Uranium Refining and Conversion

According to the IAEA, China has a capacity to convert 400 tons of uranium to uranium hexafluoride (UF6) per year. According to the IAEA, China has two conversion facilities in operation, at Beijing (capacity N/A) and Lanzhou (400 tons/year).

According to Risk Report, China purifies uranium at the Baotou Nuclear Fuel Component Plant and at the Yibin Nuclear Fuel Element Plant, and converts uranium to uranium hexafluoride gas (UF6) at the Jiuquan Atomic Energy Complex and in Sichuan Province (either Guangyuan or Yibin).

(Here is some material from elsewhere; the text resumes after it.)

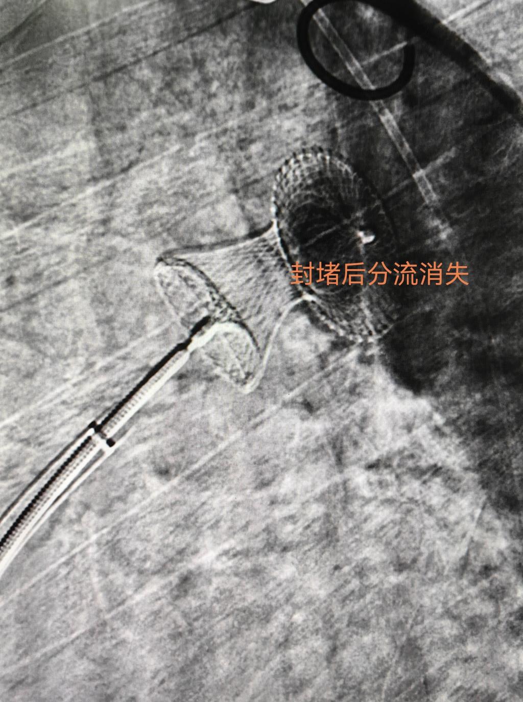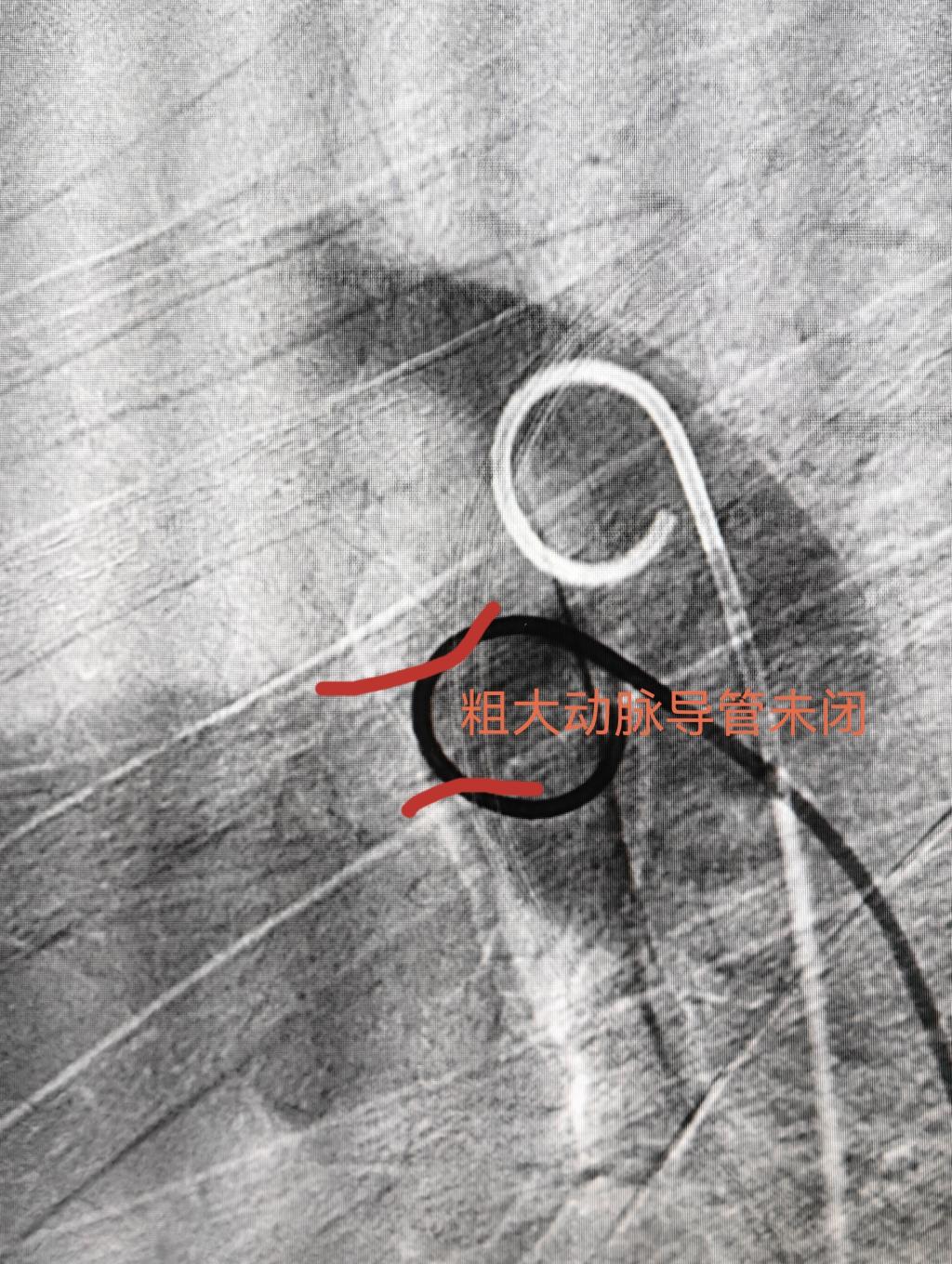 入院后第五天,完成充分的术前准备后,由相里伟医生主刀,张忆雯医生和董泽平医生协助,在导管室人员的配合下,按计划进行介入手术。血管穿刺,主动脉造影,肺动脉测压都顺利完成,也完全证实了术前影像学测量及病情判断。术中遇到的“拦路虎”是经肺动脉通过PDA困难,就改从主动脉侧超选择进入肺动脉,经股动脉送入圈套器去抓捕股静脉侧预置在腔静脉或肺动脉的导丝,期间经历了圈套器无法进入腔静脉和右心室敏感极易诱发阵发性室速等障碍,经过手术团队耐心的尝试,默契的配合和精巧的技术操作下成功建立了封堵器释放轨道。最关键的时刻到了,当封堵器沿着输送鞘缓慢送达降主动脉位置,依次释放主动脉侧封堵盘,封堵器腰部,肺动脉侧封堵盘,透视下腰征清晰,牵拉实验稳定,造影分流完全消失,听诊心前区杂音完全消失,动脉导管未闭介入封堵获得成功,意味着患者可以避免创伤大风险高的外科手术(图3、4、5)。更令人欣喜的是,当动脉导管未闭治愈的同时,左右心房间的卵圆孔未闭分流也瞬间消失了,甚至导丝尝试通过也变得很困难,再去处理卵圆孔未闭也已经失去必要性了,单纯动脉导管未闭封堵手术达到了“一石二鸟”良好疗效。

URANIUM REFINING AND CONVERSION FACILITIES
 

NAME LOCATION COMMENTS
Baotou Nuclear Fuel Component Plant    
Bureau of Nuclear Fuels Beijing Uranium conversion; UF4/UF6 process; start-up: 1986
China Academy of Atomic Science    
Guangyuan Guangyuan Possible site
Lanzhou Nuclear Fuel Complex    
Nuclear Fuel Processing Plant
  • (Subei) Uranium Hexafluoride Production Plant
Located at Jiuquan Atomic Energy Complex, Subei, Gansu Province (near 94.58E/39.26N) Uranium hexafluoride (UF6) processing; converts weapons-grade uranium hexafluoride to uranium metal for weapons; commissioned on 29 November 1963 to synthesize uranium hexafluoride (UF6)
Tongxian Uranium Mining and Hydrometallurgy Institute
  • Plant 4
Located at Tongxian (116.39E/39.55N) Produced uranium tetrafluoride (UF4)
Yibin Nuclear Fuel Element Plant Yibin  
? Sichuan Province Uranium hexafluoride (UF6) plant

NAMES IN ITALICS ARE FACILITIES NOT IN OPERATION

[Sources: IAEA, The Nuclear Fuel Cycle Information System: A Directory of Nuclear Fuel Cycle Facilities, 1995 Edition, pp. 10, 42, 110; Risk Report, November 1995, p. 3; Nuclear Weapons Databook, Volume 5, p. 339; Yan Kong, "China's Nuclear Bureaucracy," Jane's Intelligence Review, July 1993, p. 321; Tracking Nuclear Proliferation, p. 52; Lisbeth Gronlund, David Wright, and Yong Liu, "China And A Fissile Material Production Cut-Off," Survival, Winter 1995-96, p. 159.]


Last Updated June 1998

CNSThis material is produced independently for NTI by the James Martin Center for Nonproliferation Studies at the Monterey Institute of International Studies and does not necessarily reflect the opinions of and has not been independently verified by NTI or its directors, officers, employees, agents. Copyright © 2007 by MIIS.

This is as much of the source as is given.